NYPL Researcher Spotlight: Miriam Schwartz

By Jeanne-Marie Musto, Librarian II
May 31, 2023
Stephen A. Schwarzman Building
close-up of Miriam Schwartz outdoors, smiling at the camera, with purple and black hair and wearing a purple shirt and black sweater

This profile is part of a series of interviews chronicling the experiences of researchers who use The New York Public Library's collections for the development of their work.

Miriam Schwartz is a Ph.D. candidate at the University of Toronto, where she works on Hebrew and Yiddish literature in the twentieth century, focusing on issues of language, translation, and ideology.

Tell us about your research project.

My research project focuses on what I term “dubbed literature” and explores direct speech in Hebrew and Yiddish literature published in the 20th century, in different literary centers.

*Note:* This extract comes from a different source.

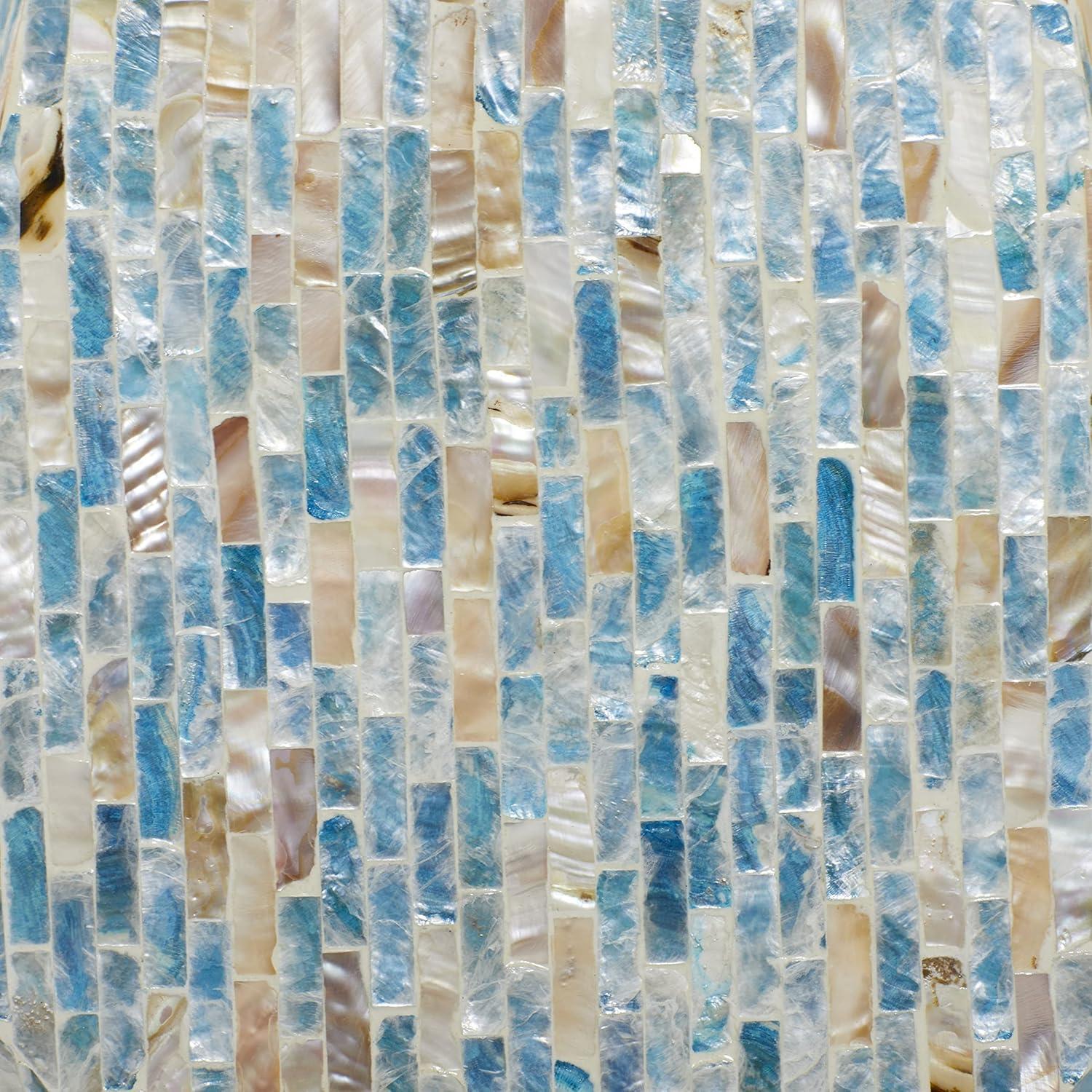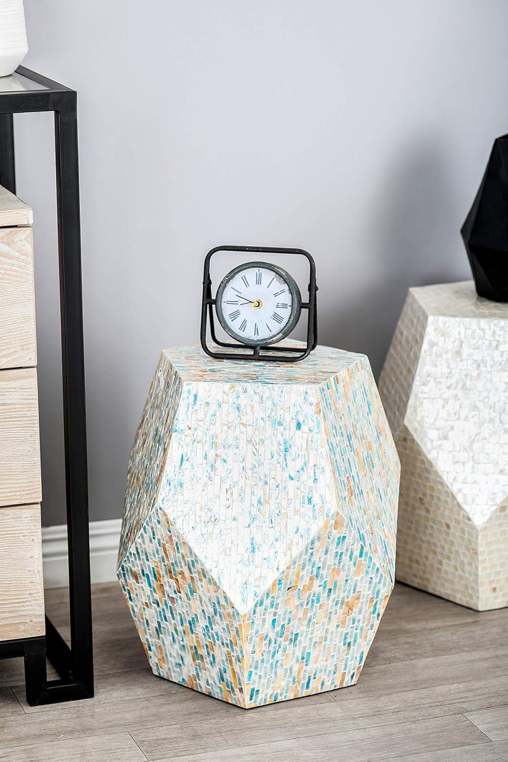 MOTHER OF PEARL SHELL TABLE FOR LIVING ROOM: The multi colored side end accent table is crafted from MDF as its core structure, while the overlay is entirely composed of mother of pearl

I am researching the noticeable gap between the language as it appears on the page and the language of the story world in those works. Both Modern Yiddish and Modern Hebrew literature in the first decades of the 20th were transnational languages, languages without a home or defined boundaries. This diasporic state of writing created a multilingual literature that is written in a monolingual fashion, or under the façade of monolingualism. The allegedly monolingual texts of modern Jewish literature constantly suppress other languages—languages that do not appear in the text, yet are still present. In my work, I examine the different strategies employed by Jewish authors to signal the inherent multilingualism present in their works. 

Close-up photo, 3/4 view, of the head and shoulders of Rivke Rus. Black and white, grainy image.

Yiddish writer Rivke Rus (1912-1983)

Photo from Rivke Rus, Ahavah ḳetsarah: sipurim (Tel Aviv: Alef, [1982]), p. [7].

What brought you to The New York Public Library? 

I came to NYPL searching for the work of the Yiddish writer Rivke Rus (1912-1983). Rus was born in Galicia, studied in Vienna, and then immigrated to South America where she lived from 1937 until she immigrated once again to Palestine/Israel in 1944. While living in Argentina she started publishing her literary work in local newspapers, and she continued to publish in those newspapers throughout her career. Two of her novels were only serialized in the Buenos Aires-based newspaper Di Idishe tsaytung, and were not published in a book form. The Dorot Jewish Division at NYPL carries a wide selection of Yiddish newspapers, including Di Idishe tsaytung.

What research tools could you not live without? 

The internet. And especially the Yiddish Book Center’s Digital Library and Collections, and the National Library of Israel’s Historical Jewish Press collection.

How do you maintain your research momentum? 

I try to set small achievable goals at the beginning of each week, so I can measure my progress, and keep myself accountable.

After a day of working/researching, what do you do to unwind?

Take long walks, with friends or alone. 

What's your favorite distraction?

Baking and caring for my house plants.